The record of the genealogy of Jesus the Messiah, the son of David, the son of Abraham:
This first verse of Matthew’s gospel tells me something that is easy to overlook. It tells me what Matthew’s operating premise is. That premise: Jesus is the fulfillment of God’s most monumental promise, namely to give mankind a Savior Who will set us free and will, eventually, conquer the entire world and reign.
Matthew calls back to two individuals: David and Abraham. Each has a covenant with God — the present tense is used because both God and those with Whom He made covenants are still very much alive. David’s covenant with God — really, the promise God made to David — is that David would never lack someone of his lineage to sit on the throne of Israel. Israel has no king at the moment. The monarchic social structure has been shunned in favor of the parliamentary, but that may well be because Israel’s King is still very much alive. Abraham’s covenant with God is that in Abraham’s seed (descendant … singular), all of the Earth would be blessed.

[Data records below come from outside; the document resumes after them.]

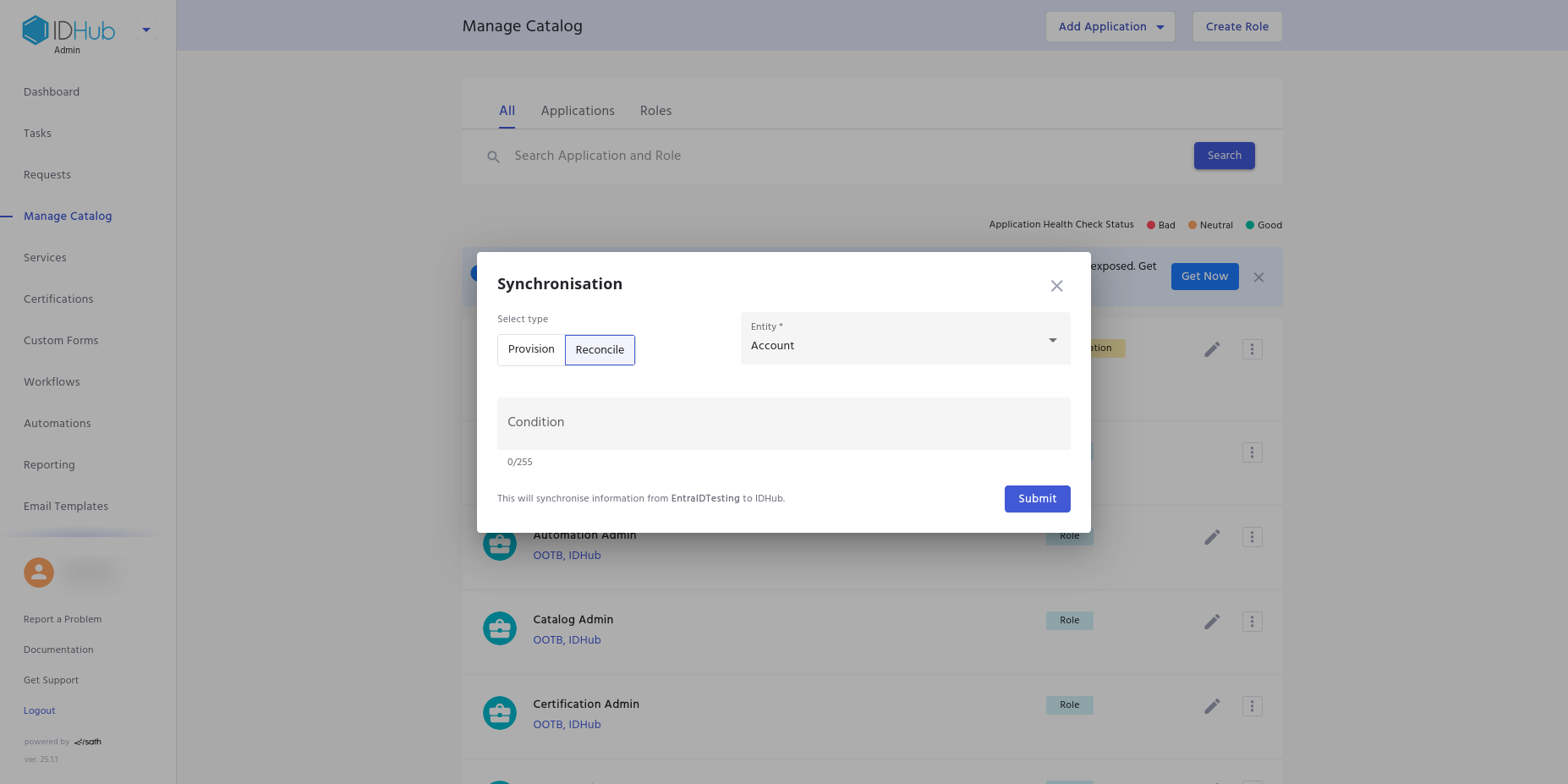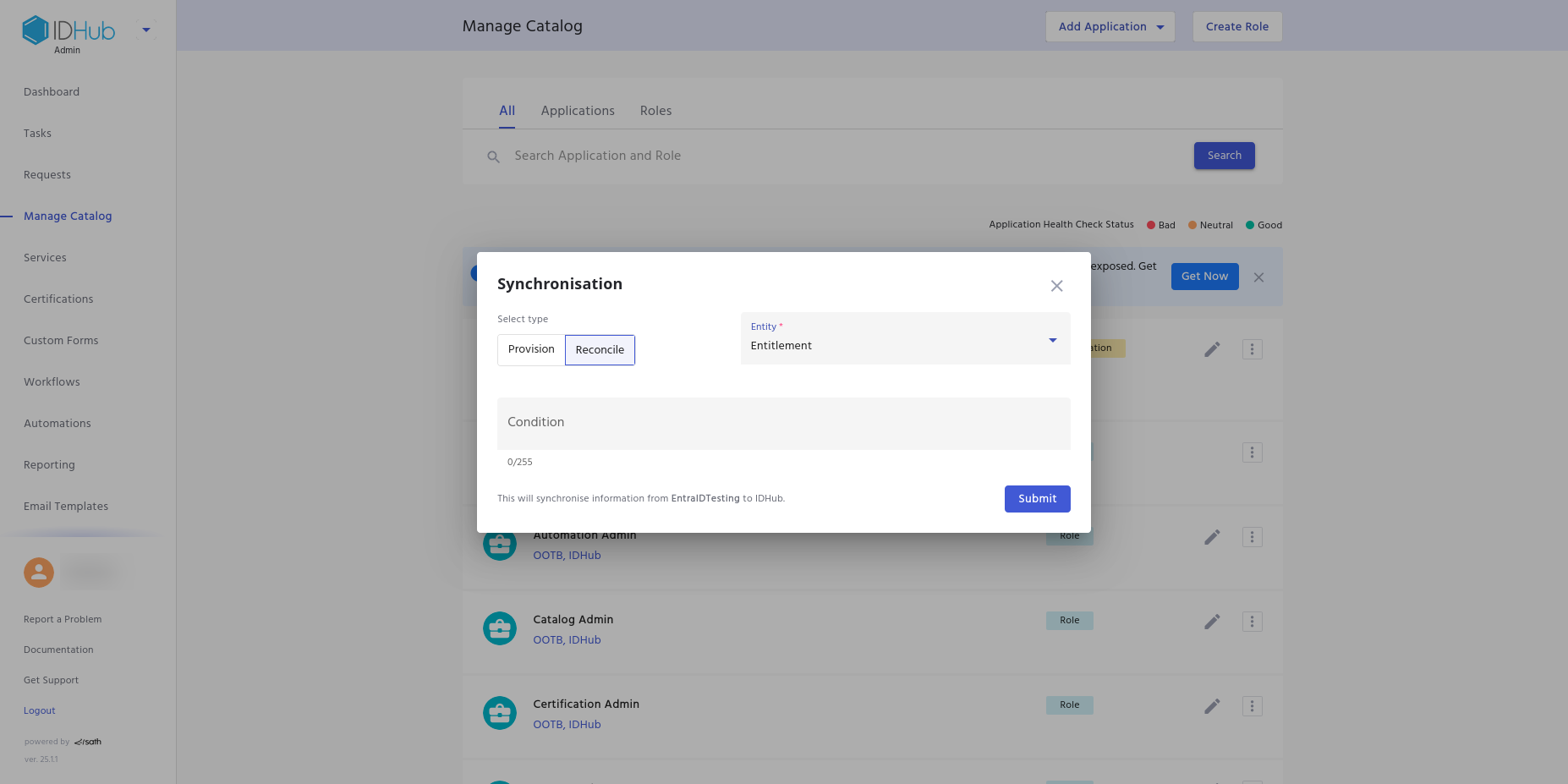 - Go to Manage Catalog (under IDHub admin app).
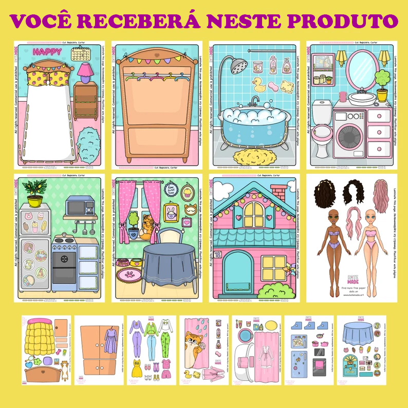 Recorte, monte e deixe a magia acontecer: cenário, bonecas de papel, acessórios — prontinhos para brincadeira!
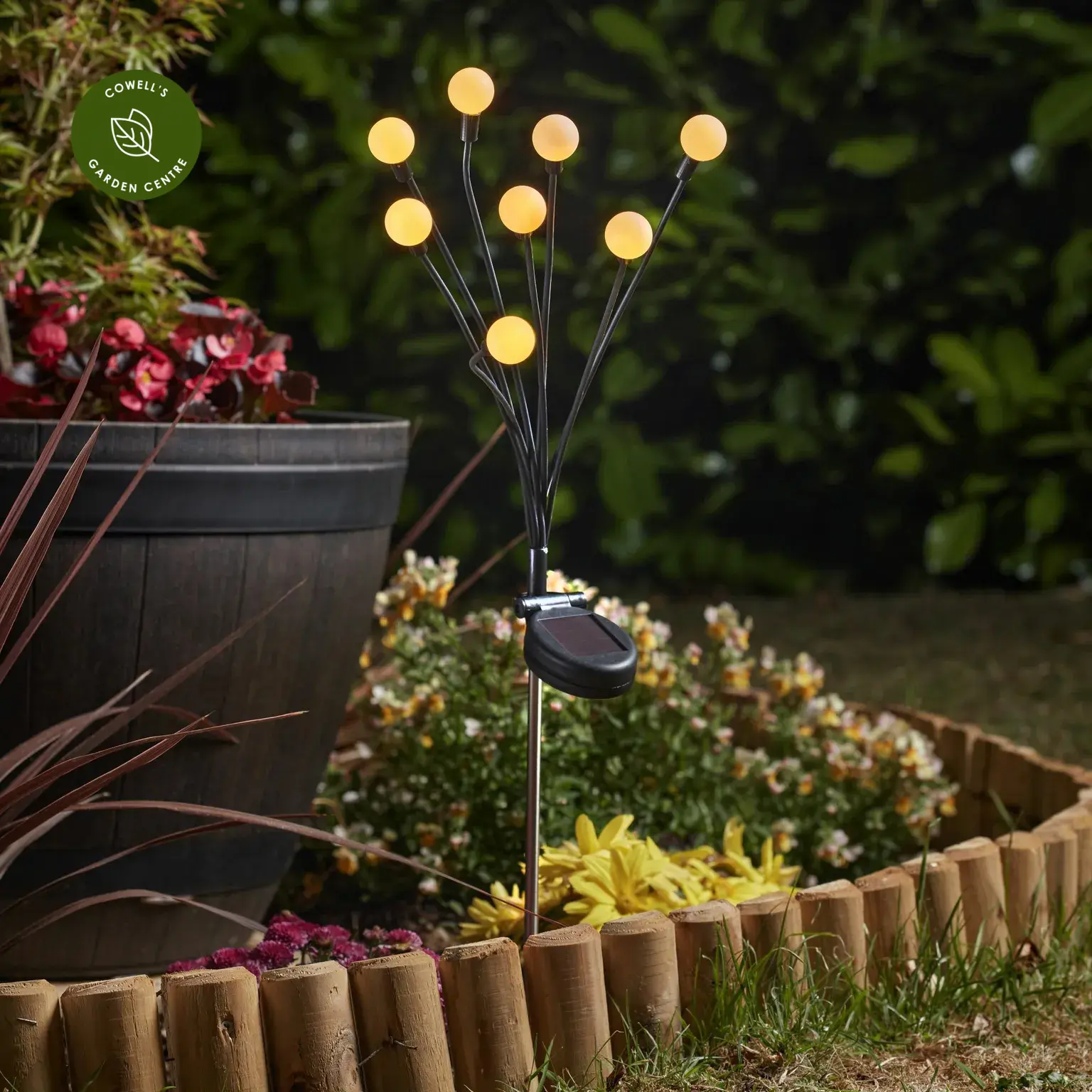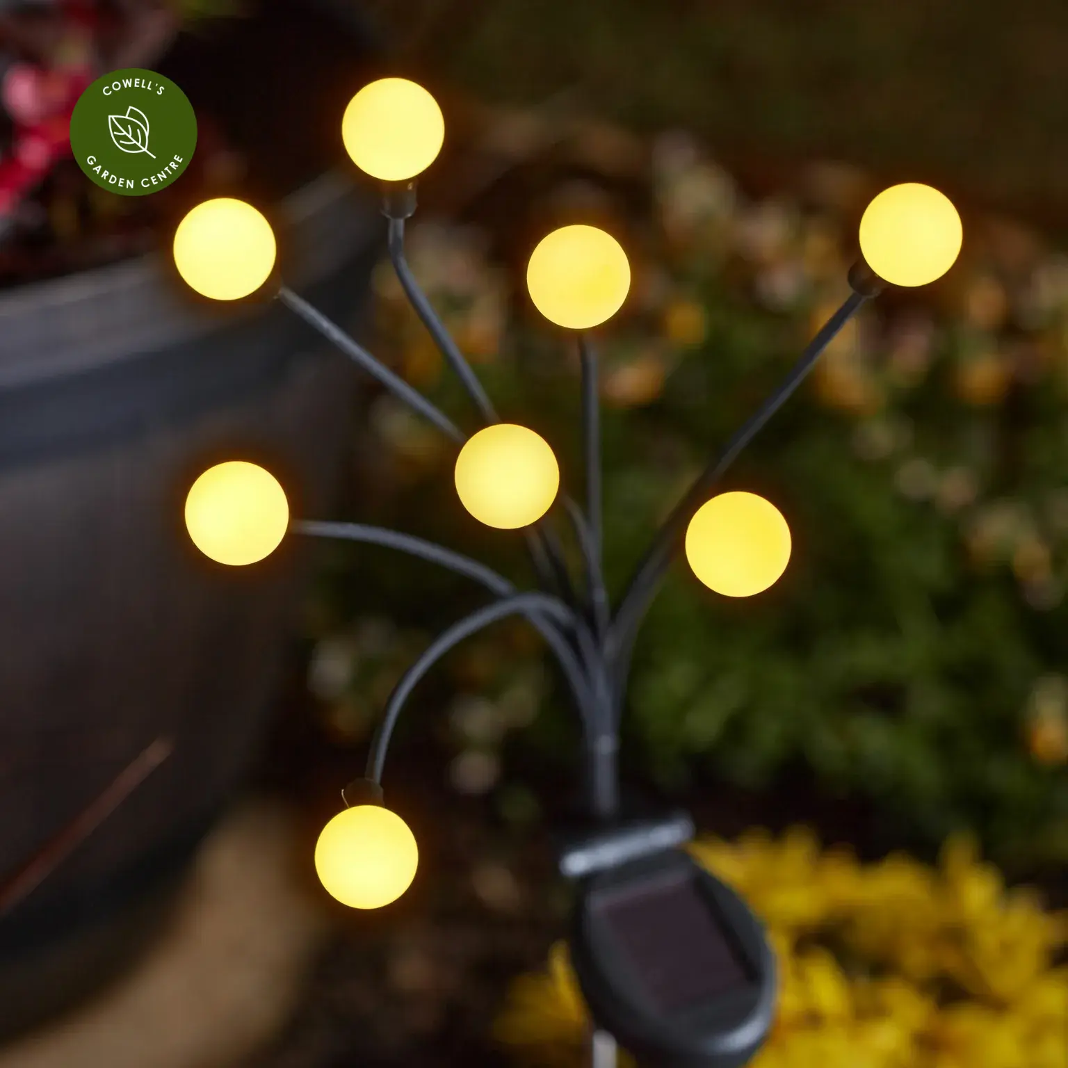 This elegant garden stake light features eight globe-tipped stems that sway gently in the breeze by day and create a beautiful glowing display by night. The soft, flexible branches move naturally, adding movement and atmosphere to borders, pots or pathways.

While the individual promises are important, they are not my focal point this morning. This morning, my attention was arrested by the idea that both of these men were in covenants with God; had made an agreement with God; had received God’s promise and accepted it not as a thing future but as a fait accompli. Matthew name-dropping these two individuals in the very first phrase he pens serves as a reminder that God makes promises and that those who have been called righteous and friend of God and man after God’s own heart receive those promises as already fulfilled, not as something yet future.
Matthew will spend the rest of his gospel proving that Jesus is the fulfillment of promise; the Messiah. Matthew quotes promise after promise; prophecy after prophecy and shows how Jesus fulfilled each of them. That is what this gospel sets out to prove.
While Matthew being preoccupied with Jesus as the fulfillment of promise and prophecy is a valid note on which to begin reading through the gospel he wrote, that does not answer for how it applies to me today. Except that it kind of does. Matthew began his account of Who God is and how God fulfilled His promises with a reminder that God always has made and kept promises. That, in fact, is the beginning of the NT (New Testament): God fulfills promises. Do I believe that? I do not need to merely mentally assent to the veracity of the claim. Agreeing that it is true is not quite the same as belief. That is more confession than faith. Do I trust God to make good on His promises? In point of fact, I should behave as if He already has.
Matthew begins his journey as a tax collector, though his nickname, Levi, seems to hint that he might have been born into a family that would have allowed him to become part of the temple service. He began his walk with Christ in a place where it is unlikely that he trusted God to make good on His promises. Matthew came to trust that God would follow-through. Wherever I find myself this morning; however little or much I trust that God can and will and even desires to make good His promises, God can start there and move me forward to a place where I trust.
I do not trust easily and I do not trust often. I have received enough evidence; enough confirmation that trust is too often unwarranted. But God (my favorite phrase in scripture) is absolutely trustworthy (worth my trust). Trust is, to me, a costly thing. If I do not see a return on the trust I invest, I do not invest more. I want to see an ROIT; a return on invested trust. How much trust have I invested in God? However much it is, I think it is not enough. The potential ROIT is immense, but return requires investment. It is well past time I became more invested in God.